Anyone who’s visited Fly Ranch can understand why the Burning Man Project might be reluctant to part ways with the picturesque slice of northern Nevada.
Piping hot water flows steadily from Fly Geyser, a bulbous mound of red and green-streaked mineral deposits toward the property’s northern border. It collects in a terrace of shallow rock formations below, spilling from each one into the next as strands of white algae wave like mermaid hair from the bottom.
The premises also include a sliver of the Hualapai Playa three miles to the south, plus an adjacent parcel surrounded by the valley’s flat and featureless expanse on all four sides. Fly Ranch’s flora and fauna transform greatly over a trip from one end to the other.
This five-square-mile property is a 20-minute drive down highway 34 from the 12 Mile Playa Access entrance to the Black Rock Desert — the same one that leads attendees to and from the Burning Man Project’s annual namesake arts event. On paper, Fly Ranch serves as a makerspace for artists in the burner community as well as a setting for the 501(c)(3) nonprofit’s numerous sustainability initiatives.
Right now, though, when the Burning Man Project purportedly faces an existential crisis, many longtime burners would prefer that it refocus its core mission. The organization has been forced to lay off staff and double its year-end fundraising goal. Holding onto projects intended to spread burner culture beyond the temporary city itself at such a crucial juncture sends mixed messages to would-be donors.
Last month, Burning Man Project CEO Marian Goodell published a call to action titled “An Inflection Point” that implored the burner community to help build back its savings buffer after tickets to the nine-day gathering failed to sell out for the first time since 2011. She wrote that the nonprofit’s programs “are part of the vision to bring more of this culture to the planet,” and that they “enrich and support communities around the world.”
Many of the nearly 200 comments on the blog post suggest that few burners share Goodell’s ambitions. “The community wants the event to happen, period,” one argues. “This mission to bring more Burning Man to the planet is not necessary to the event, and feels like an egoic ideal that the founders have become attached to.”
“Non-event-related activities which have contractual obligations should be split into a new legal entity, everything else needs to go on the chopping block,” reads another. “Stop making [Black Rock City] something which it is not.”

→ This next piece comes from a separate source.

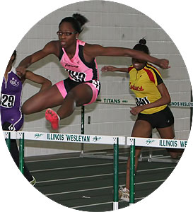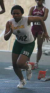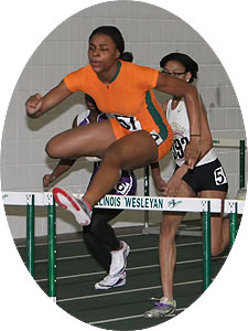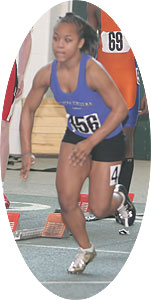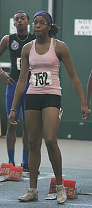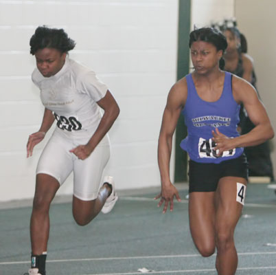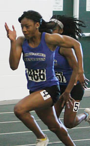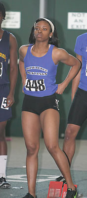 Above L-R: Tahtyana Peer [Mustangs,sophomore from Brown Deer], Tahje Whittley [Mustangs, senior from Milwaukee Bradley Technical], and Crystal Malone [Wings of Glory, sophomore from Milwaukee Riverside]. Above right: Tahje Whittley in the 55m prelims. Whittley was 3rd in the 400m finals [58.68].

Fly Ranch isn’t the only property owned by the Burning Man Project. Along Jackson Lane to the east is a stretch of land that includes spaces once called Black Rock Station and the Work Ranch by Burning Man’s Department of Public Works, a team of rugged diehards who arrive on playa months before ticket holders to set up infrastructure and remain there long afterward to clean up.

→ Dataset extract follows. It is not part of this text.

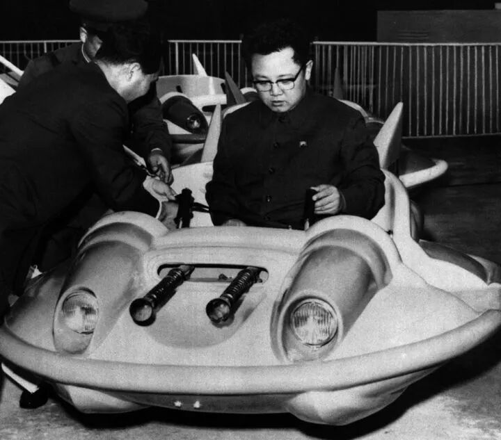 1977年10月2日,金正日在平壤一所遊樂場視察,親自測試兒童碰碰車性能。一代領袖童心未泯。

Sitting there in rows are the hundreds of shipping containers that the organizers rent out to participants, allowing them to store components of their theme camps nearby year round. Further east are two more parcels Burning Man purchased at a later time.
That’s not to mention the more than $1 million in properties Burning Man has acquired in nearby Gerlach, or the $400,000 it spent on a 360-acre space between the town and the southernmost end of the Black Rock Desert. 62,000 people attended Burning Man itself this year. In 2015 — when several thousand more attended — the nonprofit claimed less than $200,000 in land. As of its last publicly available 990 filing for 2022, though, it reported land assets to the tune of $7.8 million.
The Burning Man Project did not respond to EDM Identity’s email asking to clarify its disproportionate increase in land acquisitions.
Timeline of Burning Man’s Land Purchases
Burning Man first took place in 1986 on San Francisco’s Baker Beach before trouble with law enforcement famously led the late Larry Harvey, Jerry James, and their collaborators to move it to the Black Rock Desert in 1990. The gathering is known for its unique, participation-based structure, and attendees often report experiencing life-changing events while there.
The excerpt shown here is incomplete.